(September 22, 2011) — A new report by Moody’s shows UK pensions are increasing their allocations to local emerging-market debt (EMD).
According to the firm, the trend among UK pension funds reflects a positive development for the stability of schemes’ long-term portfolios. “The positive elements are two-fold,” stated the report’s author Shin-Kobberstad, vice president and senior analyst at the firm. “First, it is likely to mitigate volatility that could stem from concentrated exposure to a limited number of issuers. Second, it will enhance portfolio returns generally, as overall growth prospects for emerging markets remain far stronger than for developed markets.”
The report continued: “We believe that an increased allocation to EMD is a credit positive development for the stability of pension funds’ long-term portfolios. This diversification will (i) mitigate volatility that could stem from concentrated exposure to a limited number of issuers; and (ii) enhance portfolio returns generally, as overall growth prospects for emerging markets remain far stronger than for developed markets.”
Moody’s also outlined the risks of investment in EMD, noting that emerging-market bonds experienced significant volatility during the financial crisis and may continue to experience turbulence. “Investing in EMD is not without risks and pension funds would have to consider carefully the nuances of investing in EMD. Factors for consideration include careful credit selection, and, in the case of investment in local funds, evaluation of the investment manager and the credit quality of a fund, relative to its peers,” the report stated.
In contrast to the largely optimistic future of EMD investment among UK schemes voiced by Moody’s, a March study by Aberdeen Asset Management showed that schemes remain cautious over EMD.

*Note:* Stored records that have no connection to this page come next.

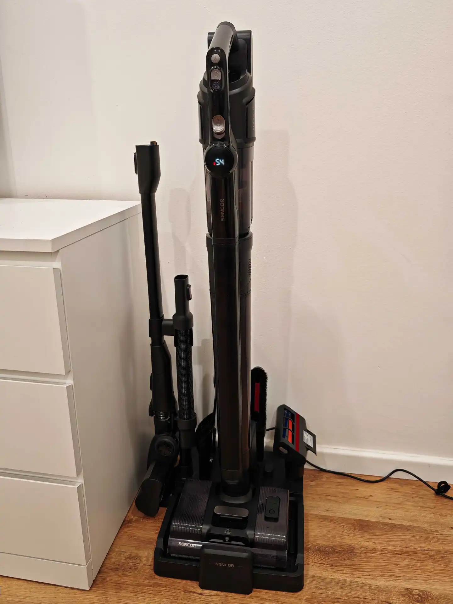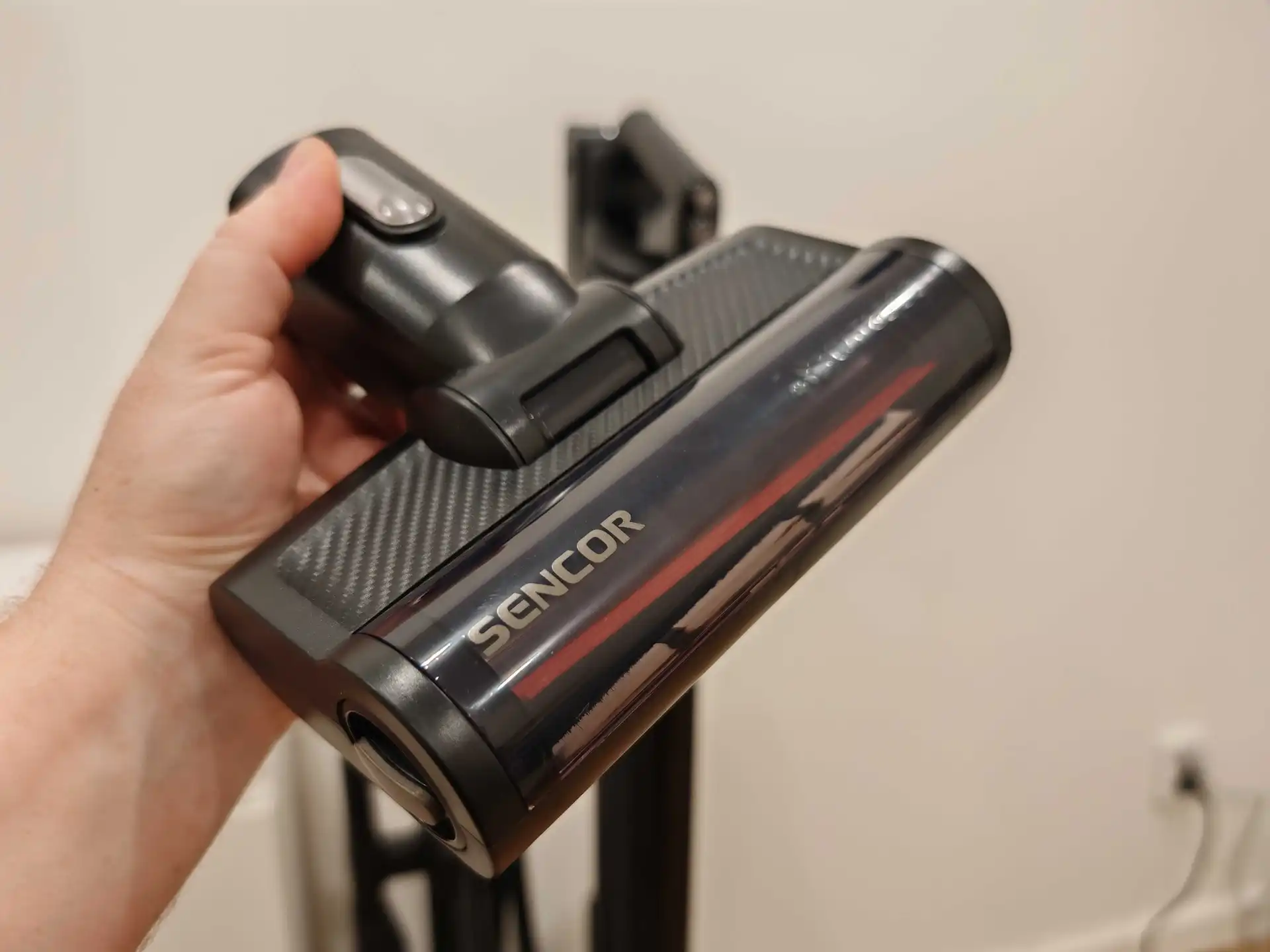 Na rukoväti vysávača nájdete hneď niekoľko tlačidiel. Tie slúžia na zapnutie zariadenia, nastavenie výkonu, zvýšené zvlhčenie podlahy pri mokrom upratovaní a na automatické pranie valcov v stanici. O stave zariadenia (nastavený výkon a výdrž) informuje dobre umiestnený displej. Jeho obsah sa otáča podľa toho, či sa Sencor nabíja v stanici, alebo s ním práve upratujete. Nemusíte sa tak pozerať na údaje hore nohami. Doplnenie batérie trvá približne 4,5 hodiny.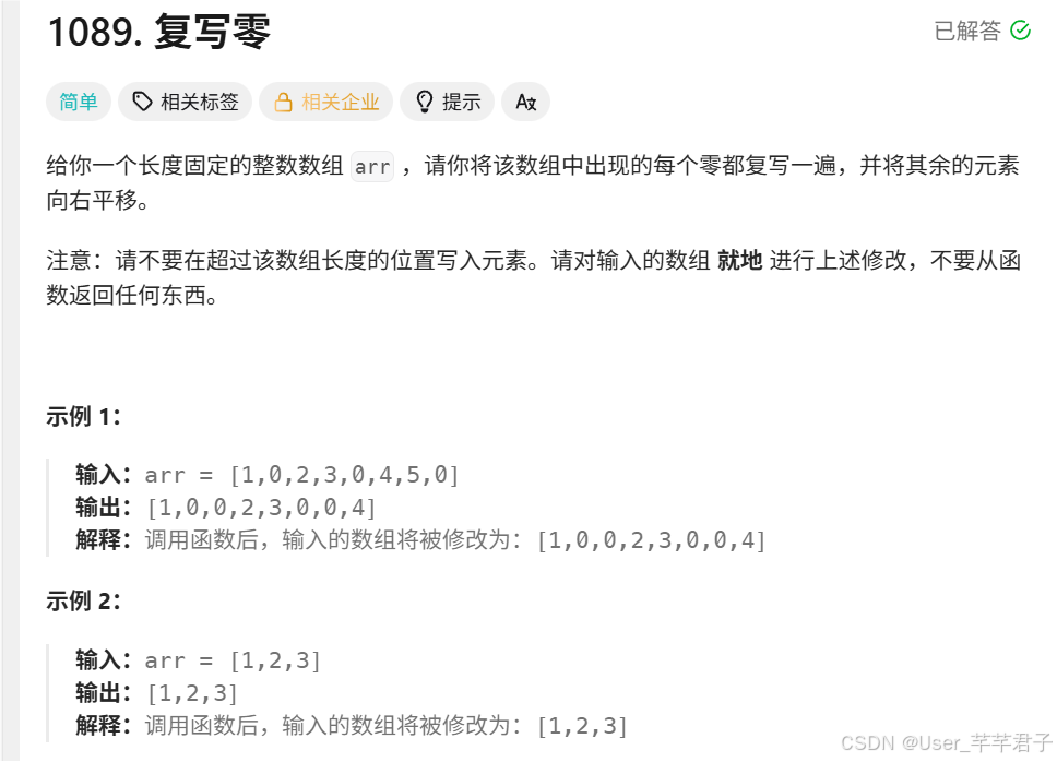 本解法通过双指针先定位复写边界,再逆向填充数组,既避免了正向遍历的元素覆盖问题,又实现了 O(n) 线性时间复杂度与 O(1) 常数空间复杂度的最优表现。其中"先确定边界、再逆向操作"的思路,是解决数组原地修改类问题的关键技巧,具有较强的通用性与实用性。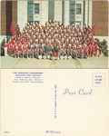 Postcard depicting the Jacksonville State College Marching Southerners band outside a campus building. Drum Major was Homer Smith and featured twirler was Judy Holland. The card notes "'The Marching Southerners' Jacksonville State University; David L. Walters: Director; Carl Anderson: Ass't. Director; Zenobia King Hill: Choreographer." (circa 1970)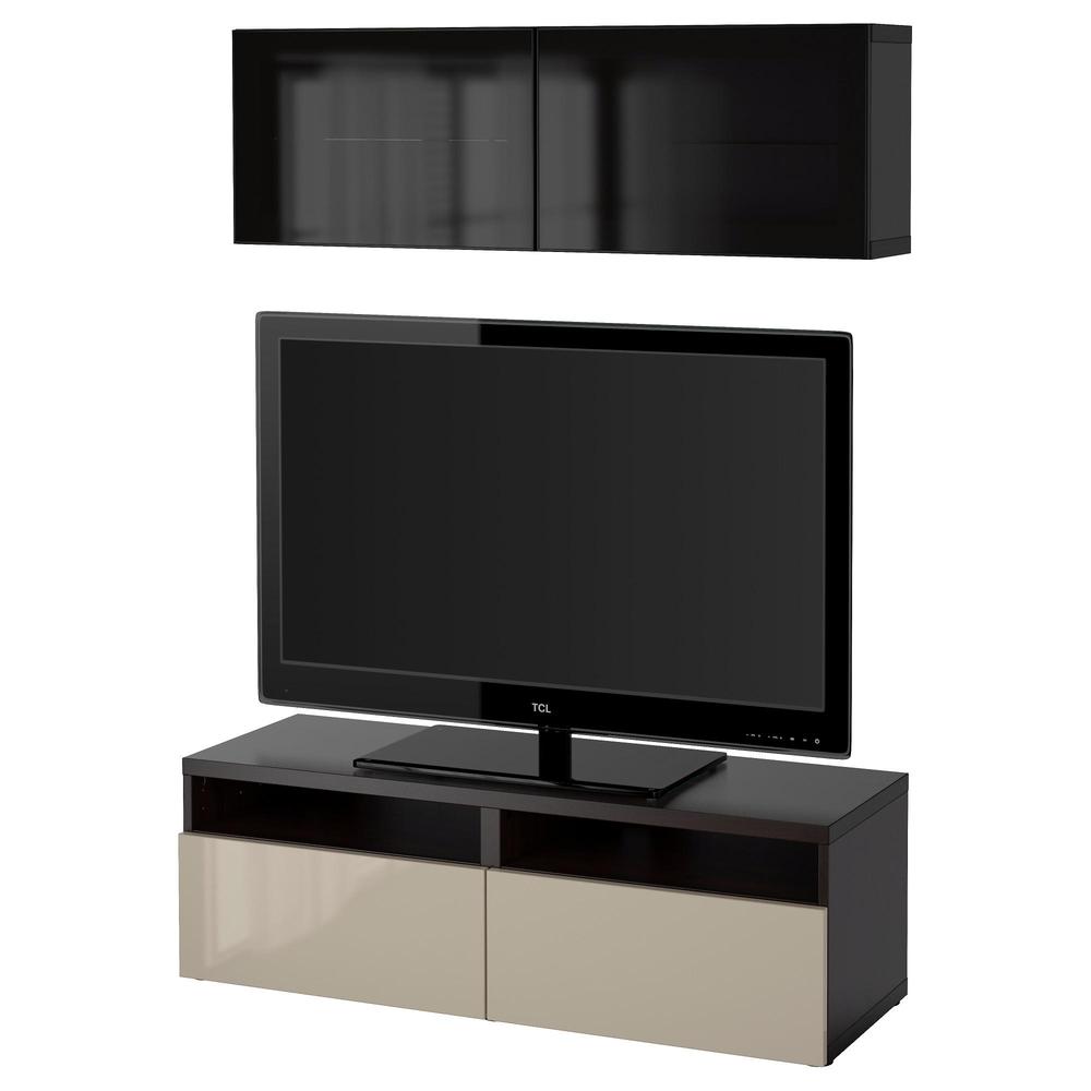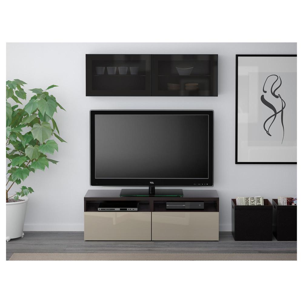 БЕСТО Шкаф для ТВ, комбин/стеклян дверцы - черно-коричневый/Сельсвикен глянцевый/бежевый/дымчатое стекло, направляющие ящика,нажимные 0.0/5 оценка (0 голосов)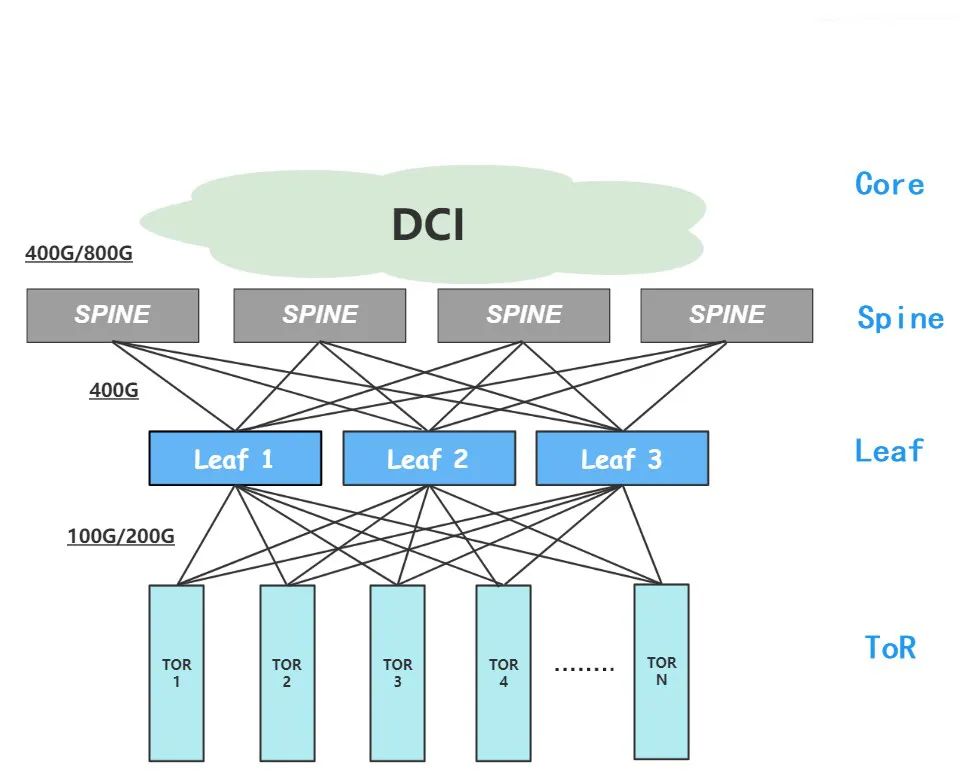 數(shù)據(jù)中心組網(wǎng)示意圖(典型的三級CLOS組網(wǎng))

Aberdeen, the global investment management group overseeing more than $287 billion of assets for institutions and private individuals, reported that limited knowledge about EMD was perceived as the most popular roadblock to investing. Nevertheless, the firm acknowledged the significant value of investing in the asset class. “Emerging Market Debt (EMD) has generally remained one of the best performing asset classes for over 10 years, despite high-profile crises,” the firm stated. “In our view EMD has the potential to enhance returns, providing diversification benefits for investors. We believe that most investors should at least allocate a modest holding to emerging debt, while investors more tolerant of risk should consider a more significant holding.”